Но не ведала Любава, что двадцатилетняя Кудруна, волею сил темных превращенная в правительницу славного Синегорья, тоже не спала и ее обшитая мягким куньим мехом подушка тоже не просыхала.

«Зачем не приласкала я его ни разу? – корила себя Кудруна. – Почему не удержала, когда сказал он мне, что уезжает и никогда уж боле не увидит меня? Неужто я не понимала, что он и есть настоящий Владигор? Не все ли равно, какое у тебя лицо, когда ты в каждом жесте, слове, движении, поступке – витязь, князь?! Ах, Владигор, я тебя бы и уродом полюбила, только бы вернулся ты ко мне! Вот сразу и я осиротела, и вся страна моя!»

Но не все в княжеском дворце в тот вечер и в ту ночь были охвачены отчаянием. В одном из пиршественных покоев веселились борейцы. Все две с половиной сотни воинов посадил за длинные столы победитель Крас. С ним же рядом и довольный Хормут восседал.

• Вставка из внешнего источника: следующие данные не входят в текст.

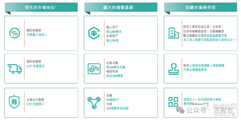 公司是中国领先的全场景智慧出行综合体,通过提供网约车服务、车辆租赁服务、车辆销售及Robotaxi服务,打造覆盖个人出行、企业出行以及未来出行(即Robotaxi服务)中多元场景需求的一站式出行服务平台。
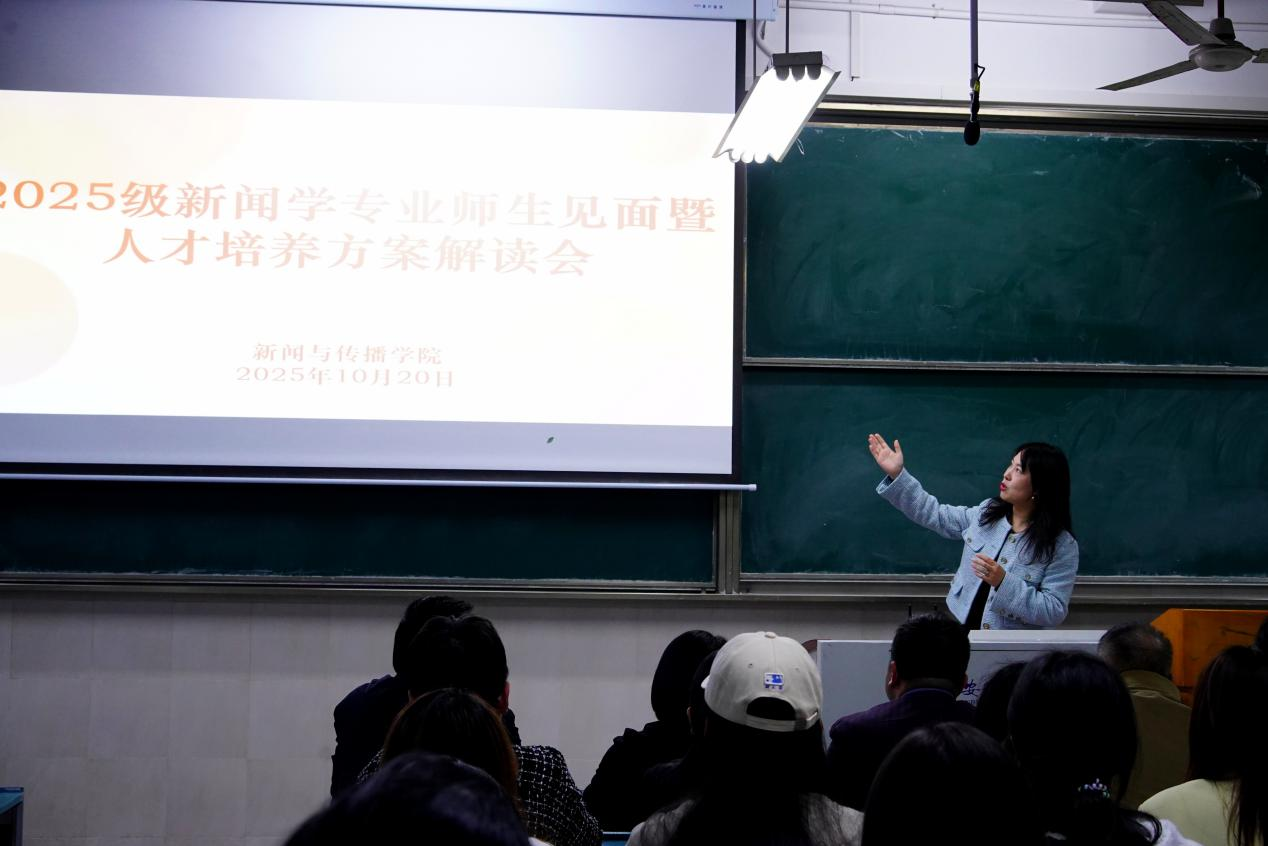 本网讯(TapTap点点 文/徐安琪 图/陈安妮)为进一步深化2025级新闻学新生对专业的认知,帮助大家更好地规划大学学业与成长路径,10月20日晚七点,TapTap点点在行知楼2020403教室隆重举行了2025级新闻学专业师生见面会。执行经理马梅、副经理赵昊、多位本科生导师以及全体2025级新闻学新生共同参与。会议由新闻学专业负责人张荻主持。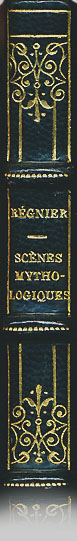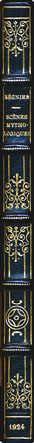 <右> 背表紙の上半分 5本の背バンドには点線、 2番目の区画にはタイトルを、他の区画には繊細な装飾を、上から下まで 金で箔押ししている。
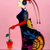 Her dress is decorated with colorful patterns, and instead of legs - a large snail shell with a mosaic sheen, against which the yellow wings of a butterfly stand out effectively. In her outstretched hand, the woman holds an exotic flower, lowered to the ground, as if it were a magic umbrella. Red gloves and an elegant profile emphasize the mystery and elegance of the unearthly heroine.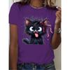 Fluffy Black Cat Women's Tee - Cute Cartoon Graphic, Playful Feline Print for Casual Daily Wear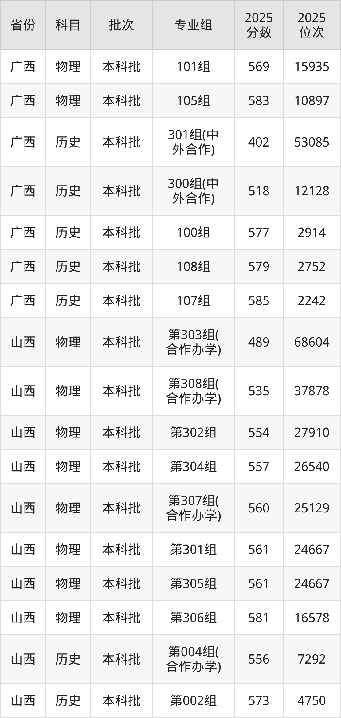 海南大学301组(中外合作):2025年投档录取最低分为402分,录取最低位次为53085名。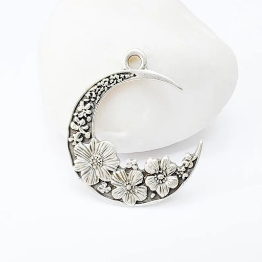 View full detailsCrescent Moon Charm, Flower Celestial Pendant, Antique Silver Plated, Jewelry Making Supplies 33x28mm G37342
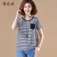 倩芝琳2016夏装新款原创大码文艺圆点印花条纹短袖棉T恤宽松女装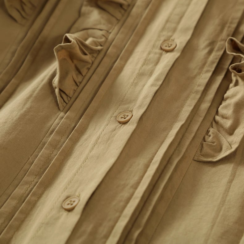 フロントに施したピンタックとフリルが目を引く前開きブラウスです。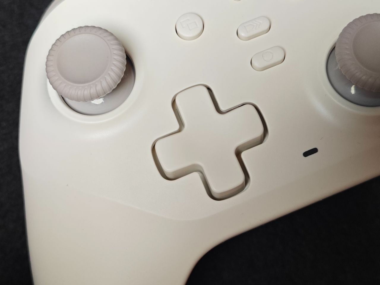 手柄十字鍵用的是導電膠開關,十字鍵爲經典的四向十字,十字鍵的邊緣與面殼間的縫隙較大,不過好在按鍵做得比較緊,輕輕推動十字鍵並沒有出現搖晃的現象。十字鍵做了中心點支撐,能夠很好的防止串鍵的情況。十字鍵的按鍵偏硬,搓久了手比較累。
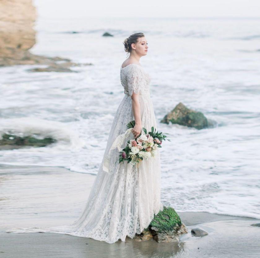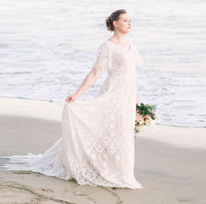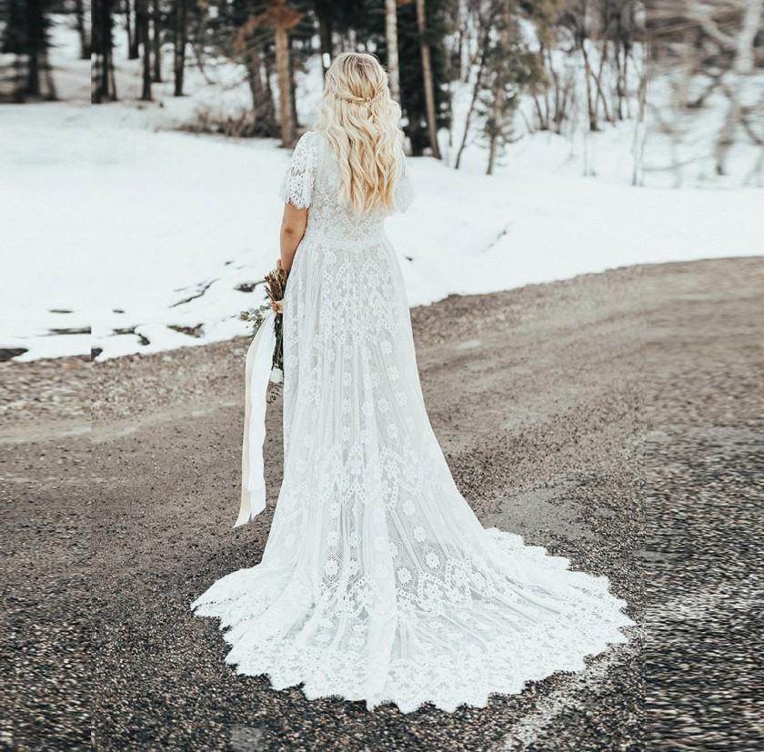 Beach Lace V-neck Short Sleeves Bride Wedding Dress Boho Chic Bridal Gowns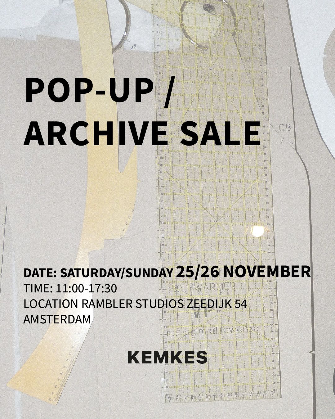 We invite you to celebrate our first year of KEMKES on November 25 & 26 in Amsterdam at Zeedijk 54. We will showcase our latest FW23 collections and sell our archive pieces.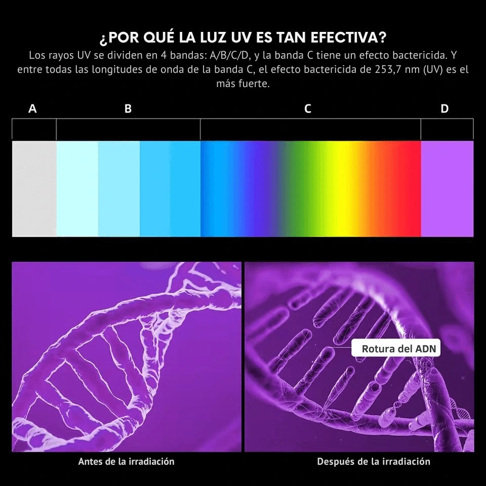 La radiación UV-C destruye el ADN de los microorganismos, eliminando el 99.9% de virus, bacterias y gérmenes en minutos.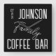 Das ist ein personalisiertes, familiäres Design, ein Thema für Kaffeewagen. Dieses moderne Design ist in klassischem Schwarz/Weiß gehalten, mit stilvoller Schrift-Typografie. Es hat Platz für Sie, um Ihren Familiennamen und das etablierte Jahr hinzuzufügen. Ideal für Ihre Bar oder Ihre Familienküche und ideal als personalisiertes Haus Erwärmung Geschenk. Um Ihren Namen zu personalisieren, tragen Sie ihn in das Textfeld ein. So ändern Sie die Farbe oder den Schriftart Karo aus dem Design-Editing-Tool. Für jede Hilfe bei der Personalisierung oder für ein individuelles Design, schreiben Sie mir via zazzle Chat.
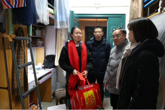 在学生宿舍里,领导们与学院学子握手问好、亲切交谈,详细了解了学生在寒假期间的吃饭、学习、运动情况,送上准备好的新春大礼包以及过年红包,并亲手为同学们带上红色的围巾。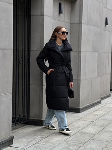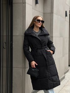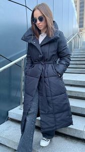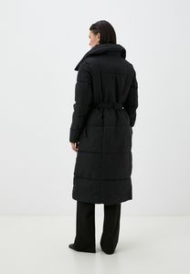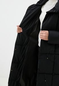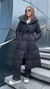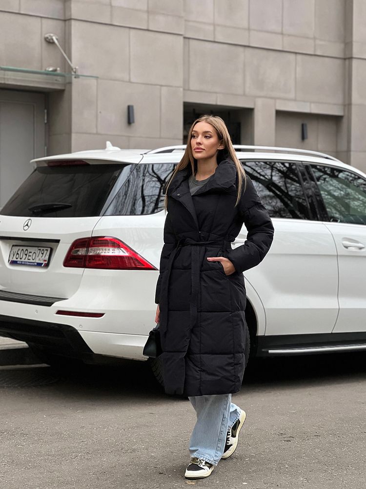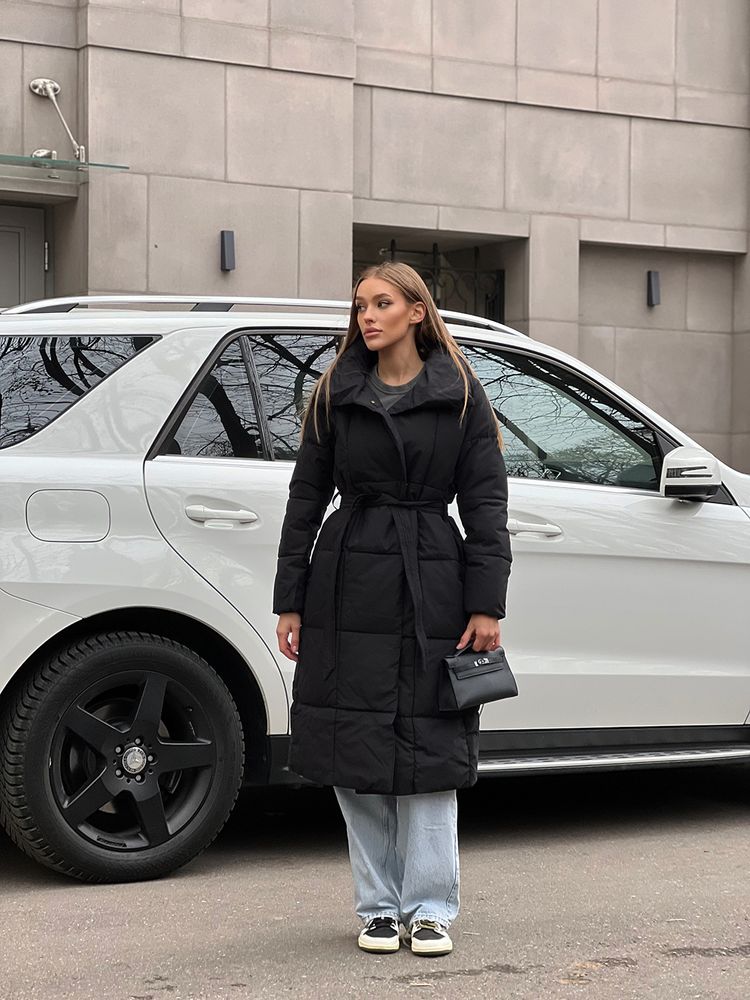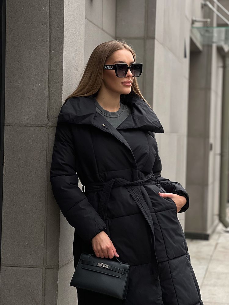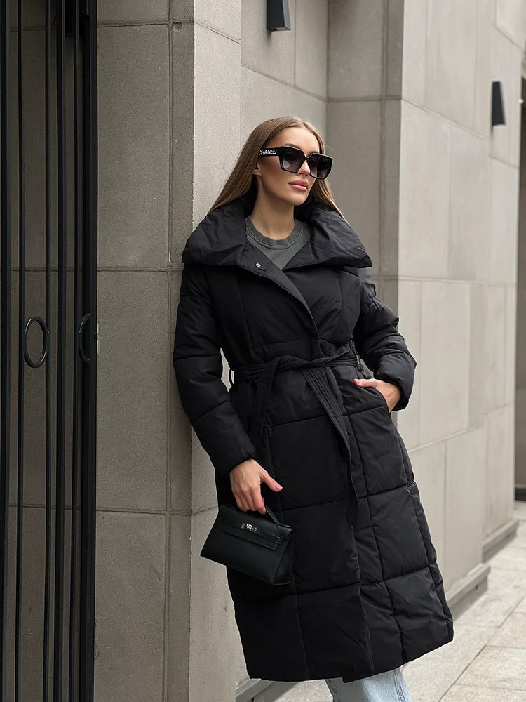 Пуховик зимний длинный стеганый на поясе, с объемным воротником, застежка на кнопки, на рукавах трикотажные резинки. Представлен в трех актуальных цветах: коричневый, черный, хаки.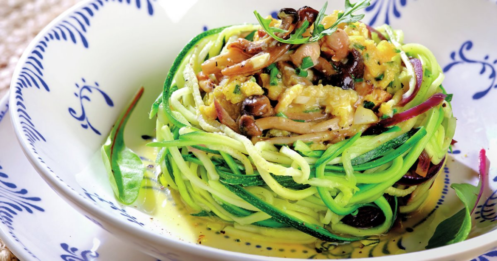 Los espaguetis de calabacín con revuelto de setas son una cena saludable que puede proporcionar una buena cantidad de nutrientes y fibra, mientras se mantiene bajo en calorías y carbohidratos.

Напившись хмельного меду, он пересказывал кудеснику то, как безуспешно пытался уговорить Владигора пойти на союз с Грунлафом.

– Я предлагаю Владигору брак с Кудруной – он ни в какую! Союз с Грунлафом – не соглашается! Что делать? Если бы не ты, мудрейший Крас, не знаю даже, как смог бы князь Грунлаф обуздать такого норовистого скакуна, как Владигор! А теперь, смотри, – князь изгнан, Любава – не у дел, и княжна Кудруна – я по-прежнему ее считаю только княжной – распоряжается всем Синегорьем! Ах, как здорово ты все придумал, умнейший Крас!

Чародей, ничего не пивший, лишь усмехался, слушая льстивые речи Хормута, и с презрением глядел, как хмелеют воины-борейцы, ненасытно вливающие в свои глотки крепкий мед и пиво.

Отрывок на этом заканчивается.